StAR related lipid transfer domain containing 3 (STARD3) is a protein that in humans is encoded by the STARD3 gene. STARD3 also known as metastatic lymph node 64 protein (MLN64) is a late endosomal integral membrane protein involved in cholesterol transport. STARD3 creates membrane contact sites between the endoplasmic reticulum (ER) and late endosomes where it moves cholesterol.

Function 

This gene encodes a member of a subfamily of lipid trafficking proteins that are characterized by a C-terminal steroidogenic acute regulatory domain and an N-terminal metastatic lymph node 64 domain. The encoded protein localizes to the membranes of late endosomes and may be involved in exporting cholesterol. Alternative splicing results in multiple transcript variants.[provided by RefSeq, Oct 2009].

STARD3 is involved in cholesterol transport from the ER to late endosomes where the protein is anchored.  It forms a complex with fellow late endosomal protein STARD3 N-terminal-like protein (STARD3NL) also known as MLN64 N-terminal homologue (MENTHO) and ER VAMP-associated proteins (VAP proteins) A and B (VAP-A, VAP-B) to tether the two organelles together.  For STARD3, this interaction is regulated by phosphorylation of a serine in its FFAT motif.

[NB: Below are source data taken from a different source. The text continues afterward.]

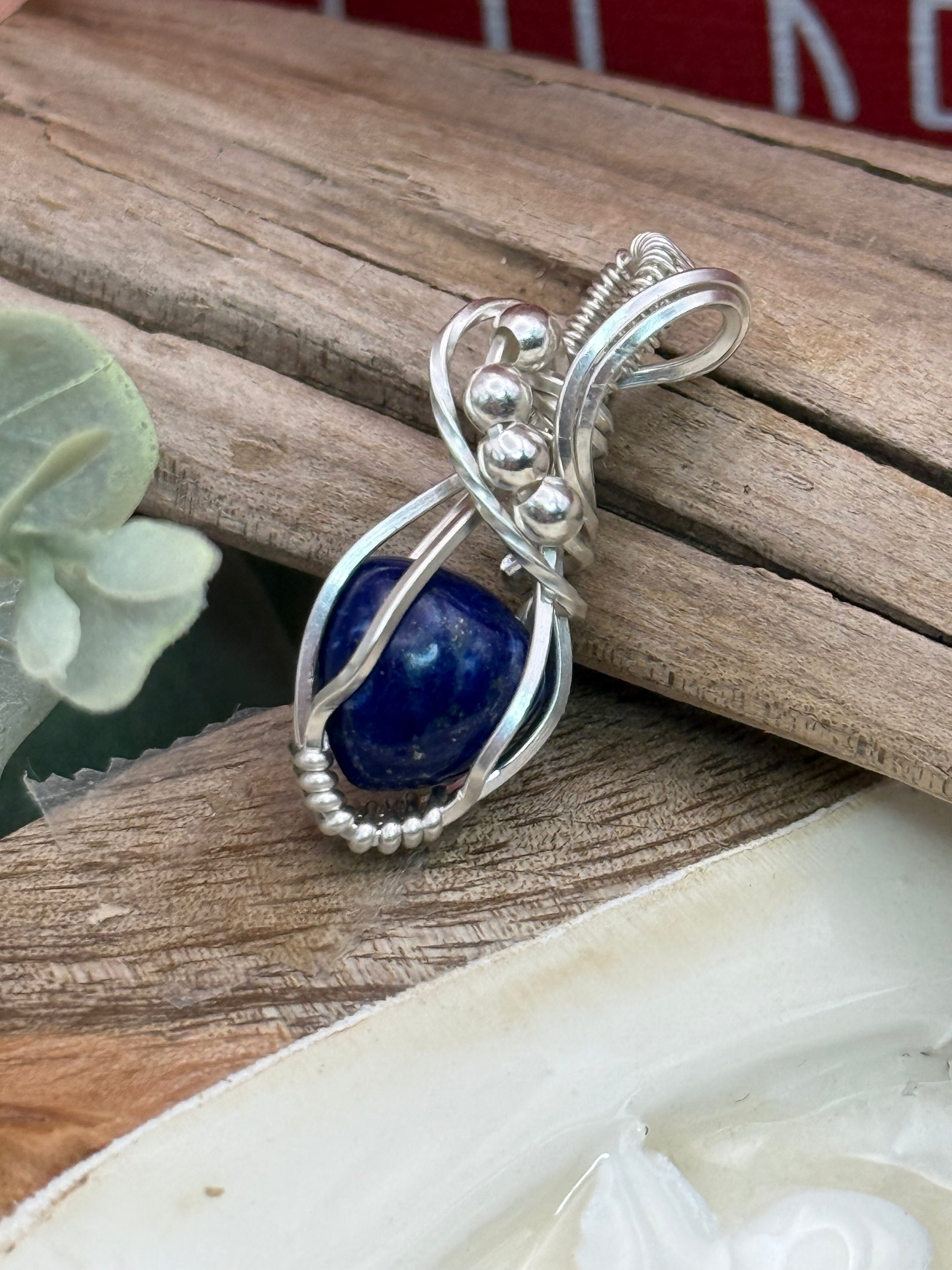 The perfect accessory for your jewelry collection. This is a mini Lapis Lazuli wrapped in pure Sterling Silver, with sterling silver bead accents. This will look great for a night out on the town, a day at work or even when wearing pj’s on the couch! You do you!
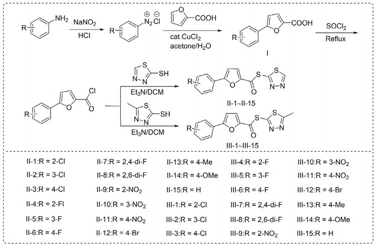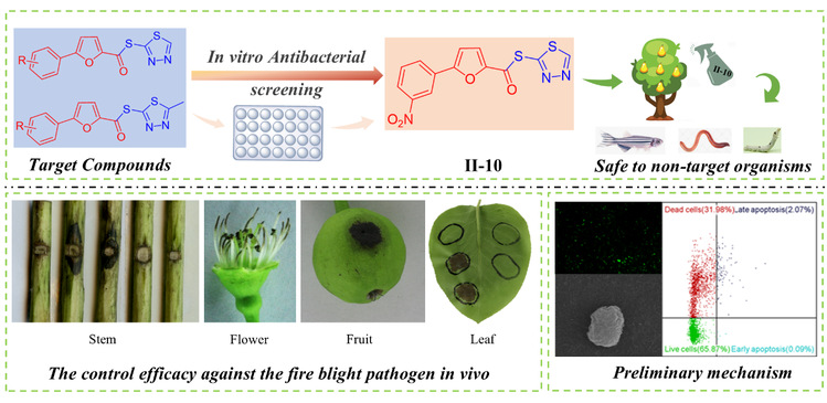 1,3,4-噻二唑的芳基呋喃硫酯类化合物合成及活性评价:本研究首次系统评估了含1,3,4-噻二唑的芳基呋喃硫酯类化合物对E. amylovora的体外抑菌活性。成功合成了30个目标化合物,并对其抑菌效能进行了系统性筛选。活性测试结果表明,化合物II-10对该病原菌表现出显著抑制作用,其半最大效应浓度其EC50为9.04µg/mL。
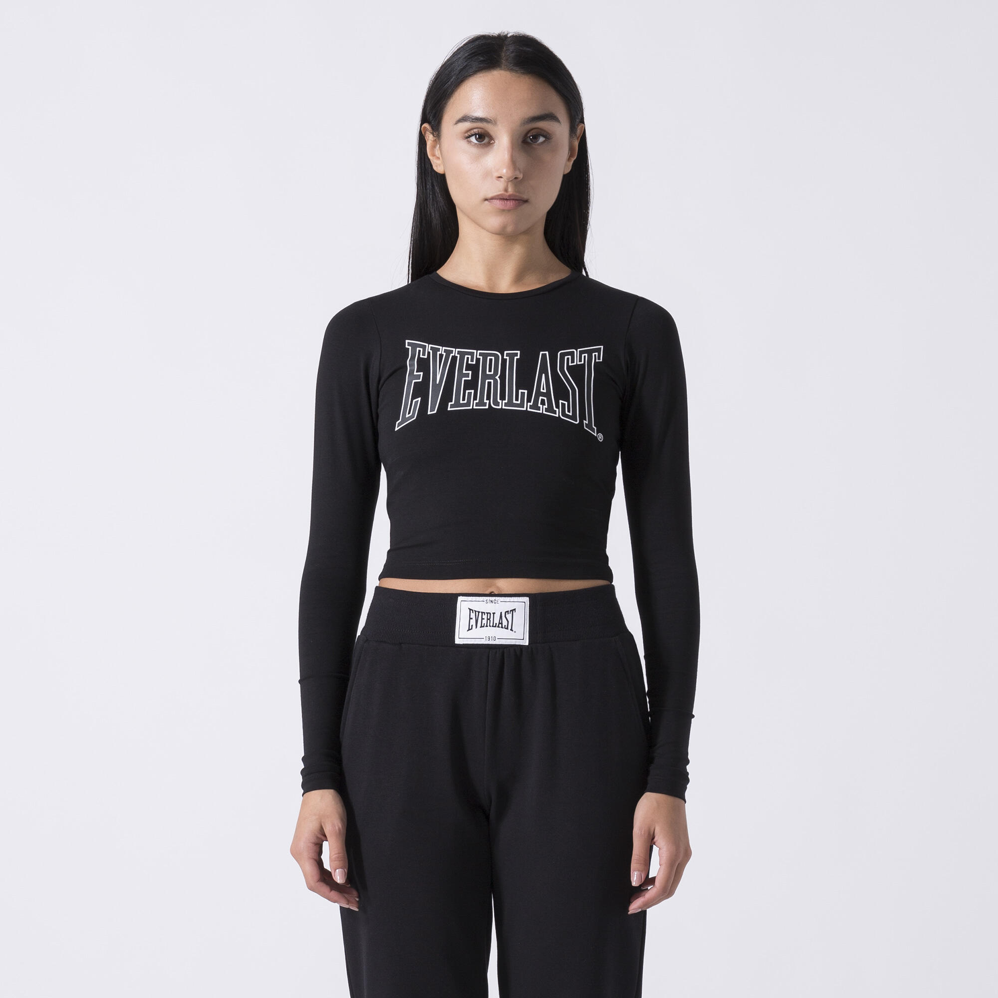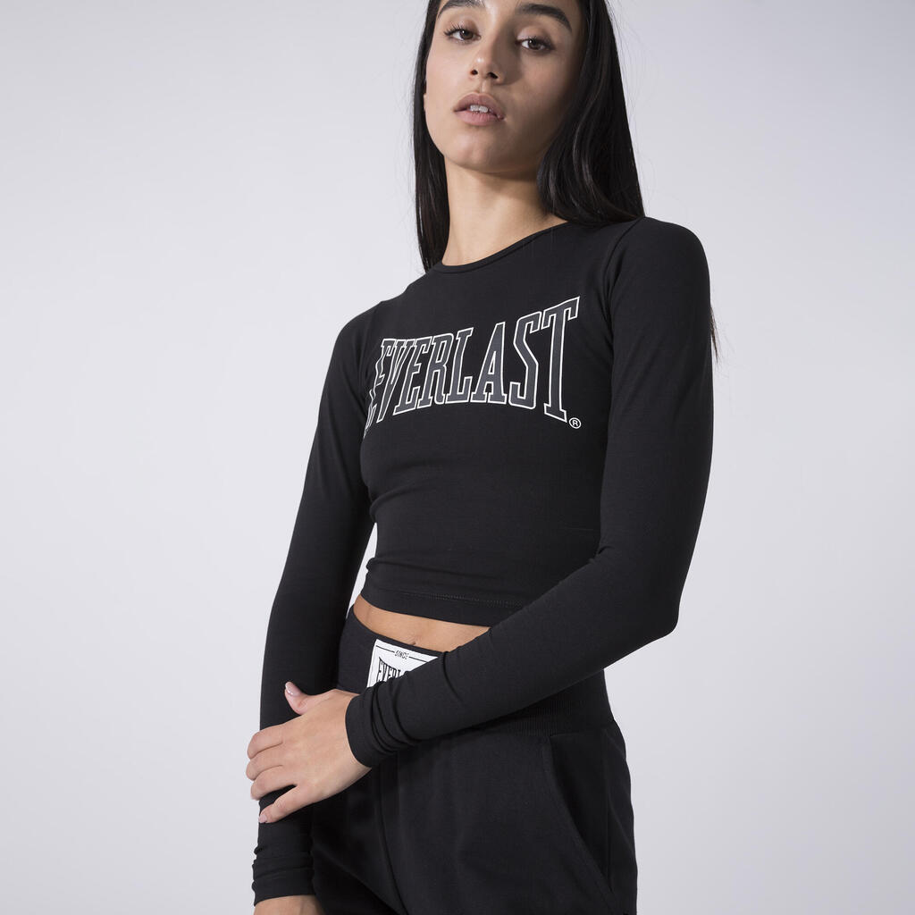 ICONIC LONG SLEEVE CROPPED TOP BLACK COTTON, ELASTANE

The closest homolog to STARD3 is the steroidogenic acute regulatory protein (StAR/StarD1), which initiates the production of steroids by moving cholesterol inside the mitochondrion.  Thus, MLN64 is also proposed to move cholesterol inside the mitochondria under certain conditions to initiate StAR-independent steroidogenesis, such as in the human placenta which lacks StAR yet produces steroids. This functional role is supported by evidence that MLN64 expression can stimulate steroid production in a model cell system.

One study indicates that this protein also specifically binds lutein in the retina.

Structure 
STARD3 is a multi-domain protein composed of a N-terminal MENTAL (MLN64 N-terminal) domain, a central phospho-FFAT motif (two phenylalanines in an acidic tract), and a C-terminal StAR-related transfer domain (START) lipid transport domain.

The MENTAL domain of STARD3 is similar to the protein STARD3 N-terminal like protein (STARD3NL) also known as MLN64 N-terminal homologue (MENTHO).  This domain is composed of 4 transmembrane helices which anchor the protein in the limiting membrane of late endosomes. This domain binds cholesterol and associates with the same domain in STARD3NL.

The phospho-FFAT motif is a short protein sequence motif which binds to the ER proteins VAP-A, VAP-B and MOSPD2 proteins after phosphorylation.

The START domain of STARD3 is homologous to the StAR protein. X-ray crystallography of the C-terminus indicates that this domain forms a pocket that can bind cholesterol.  This places STARD3 within the StarD1/D3 subfamily of START domain-containing proteins.

Tissue distribution 
STARD3 is expressed in all tissues in the body at various levels.  In the brain, MLN64 is detectable in many but not all cells. Many malignant tumors highly express STARD3 as a result of its gene being part of a Her2/erbB2-containing gene locus that is amplified.

Pathology 
Loss of STARD3 has little effect in mice. At the cellular level, changes in STARD3 can disrupt trafficking of endosomes and cause accumulation of cholesterol in late endosomes.